KE poinformowała, że w szczególności "jej niepokój budzą przepisy prawne zmieniające polskie prawo telekomunikacyjne, które doprowadziły do przedterminowego wygaśnięcia mandatu szefa krajowego organu regulacyjnego - Urzędu Komunikacji Elektronicznej".

"Zgodnie z prawem UE (...) szefowie krajowych organów regulacyjnych mogą zostać odwołani tylko wtedy, gdy przestaną spełniać warunki wymagane do wykonywania ich obowiązków, które są z góry określone w prawie krajowym. Zasady te mają na celu usunięcie wszelkich wątpliwości co do neutralności tego ciała i jego odporności na czynniki zewnętrzne. Szef krajowego organu regulacyjnego został odwołany w wyniku zmian w zasadach powoływania i odwoływania szefów krajowych organów regulacyjnych, które rząd RP zastosował z mocą wsteczną do dotychczasowego mandatu prezesa krajowego organu regulacyjnego" - twierdzi KE

KE oświadczyła, że Polska ma dwa miesiące na udzielenie odpowiedzi i "podjęcie niezbędnych działań". Jeśli te KE uzna za niewystarczające, może podjąć decyzję o skierowaniu sprawy do Trybunału Sprawiedliwości UE.

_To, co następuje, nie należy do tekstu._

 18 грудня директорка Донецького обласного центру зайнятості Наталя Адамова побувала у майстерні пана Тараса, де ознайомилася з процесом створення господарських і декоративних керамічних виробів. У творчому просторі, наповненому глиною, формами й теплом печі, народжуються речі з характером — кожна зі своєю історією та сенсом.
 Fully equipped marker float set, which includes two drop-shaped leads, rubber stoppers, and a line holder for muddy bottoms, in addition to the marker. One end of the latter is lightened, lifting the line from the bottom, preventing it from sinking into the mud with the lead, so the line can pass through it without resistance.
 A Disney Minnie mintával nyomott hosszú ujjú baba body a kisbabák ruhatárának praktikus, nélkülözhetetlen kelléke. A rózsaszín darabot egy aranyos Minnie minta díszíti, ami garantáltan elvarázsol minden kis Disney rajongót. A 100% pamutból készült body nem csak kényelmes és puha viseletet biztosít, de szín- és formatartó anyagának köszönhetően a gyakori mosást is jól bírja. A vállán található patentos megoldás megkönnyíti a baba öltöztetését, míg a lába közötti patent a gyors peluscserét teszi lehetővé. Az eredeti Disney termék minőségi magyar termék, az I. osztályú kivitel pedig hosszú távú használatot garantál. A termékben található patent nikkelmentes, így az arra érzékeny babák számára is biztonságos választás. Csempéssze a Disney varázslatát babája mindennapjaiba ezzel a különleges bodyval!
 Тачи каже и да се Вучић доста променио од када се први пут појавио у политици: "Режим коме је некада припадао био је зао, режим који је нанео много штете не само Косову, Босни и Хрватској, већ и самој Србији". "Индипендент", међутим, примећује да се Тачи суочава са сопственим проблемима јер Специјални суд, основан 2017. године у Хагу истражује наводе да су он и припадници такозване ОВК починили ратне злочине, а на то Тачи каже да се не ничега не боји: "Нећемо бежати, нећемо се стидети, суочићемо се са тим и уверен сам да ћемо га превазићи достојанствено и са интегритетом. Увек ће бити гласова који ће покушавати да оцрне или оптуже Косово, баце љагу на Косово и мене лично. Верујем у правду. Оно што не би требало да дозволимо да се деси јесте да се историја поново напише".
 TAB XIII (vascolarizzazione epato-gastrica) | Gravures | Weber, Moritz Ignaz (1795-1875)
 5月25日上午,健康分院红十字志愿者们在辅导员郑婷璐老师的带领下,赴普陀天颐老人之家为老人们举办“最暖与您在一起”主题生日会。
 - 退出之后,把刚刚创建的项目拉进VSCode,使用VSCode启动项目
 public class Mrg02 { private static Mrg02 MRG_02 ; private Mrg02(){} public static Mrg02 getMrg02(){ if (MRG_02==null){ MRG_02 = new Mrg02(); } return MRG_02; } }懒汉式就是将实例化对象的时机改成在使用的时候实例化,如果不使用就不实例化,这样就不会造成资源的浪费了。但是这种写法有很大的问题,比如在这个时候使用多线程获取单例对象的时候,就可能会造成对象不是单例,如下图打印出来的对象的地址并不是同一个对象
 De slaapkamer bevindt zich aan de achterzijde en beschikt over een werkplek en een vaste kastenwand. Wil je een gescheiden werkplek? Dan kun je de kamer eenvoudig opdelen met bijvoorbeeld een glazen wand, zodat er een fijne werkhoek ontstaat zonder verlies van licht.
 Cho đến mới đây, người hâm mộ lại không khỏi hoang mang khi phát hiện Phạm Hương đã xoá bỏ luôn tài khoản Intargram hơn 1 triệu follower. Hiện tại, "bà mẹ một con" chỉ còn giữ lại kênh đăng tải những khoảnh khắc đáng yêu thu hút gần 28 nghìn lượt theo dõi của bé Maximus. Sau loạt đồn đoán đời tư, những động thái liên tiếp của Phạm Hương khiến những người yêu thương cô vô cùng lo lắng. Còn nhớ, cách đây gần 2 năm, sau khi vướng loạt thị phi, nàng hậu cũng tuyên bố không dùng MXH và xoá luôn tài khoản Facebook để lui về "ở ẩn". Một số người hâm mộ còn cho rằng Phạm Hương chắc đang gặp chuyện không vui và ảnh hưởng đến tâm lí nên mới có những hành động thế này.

Zmiany umożliwiające skrócenie kadencji prezesa UKE znalazły się w tarczy 3.0. Posłowie zdecydowali o wprowadzeniu trybu konkursowego przy wyborze prezesa UKE oraz znieśli wymóg zatwierdzania tej nominacji przez Senat. Ponadto zdecydowali, że kadencja obecnego prezesa UKE, która obejmuje lata 2016-2021, skończy się 14 dni od wejścia w życie nowelizacji.

Reklama

Resort cyfryzacji tłumaczył, że po zmianie przepisów wybór prezesa UKE będzie podlegał procedurze konkursowej, a tak obecnie nie jest. Nie musi on też teraz spełniać odpowiednich wymagań. Podkreślono, że m.in. z tego powodu wybór byłej już szefowej UKE Anny Streżyńskiej parę lat temu był kwestionowany przez operatorów. Sprawa znalazła swój finał w sądzie.

Ministerstwo cyfryzacji informowało, że jeżeli przepisy by się nie zmieniły, obecna kadencja szefa UKE zostałaby i tak automatycznie przerwana 22 grudnia 2020 roku z powodu przepisów UE.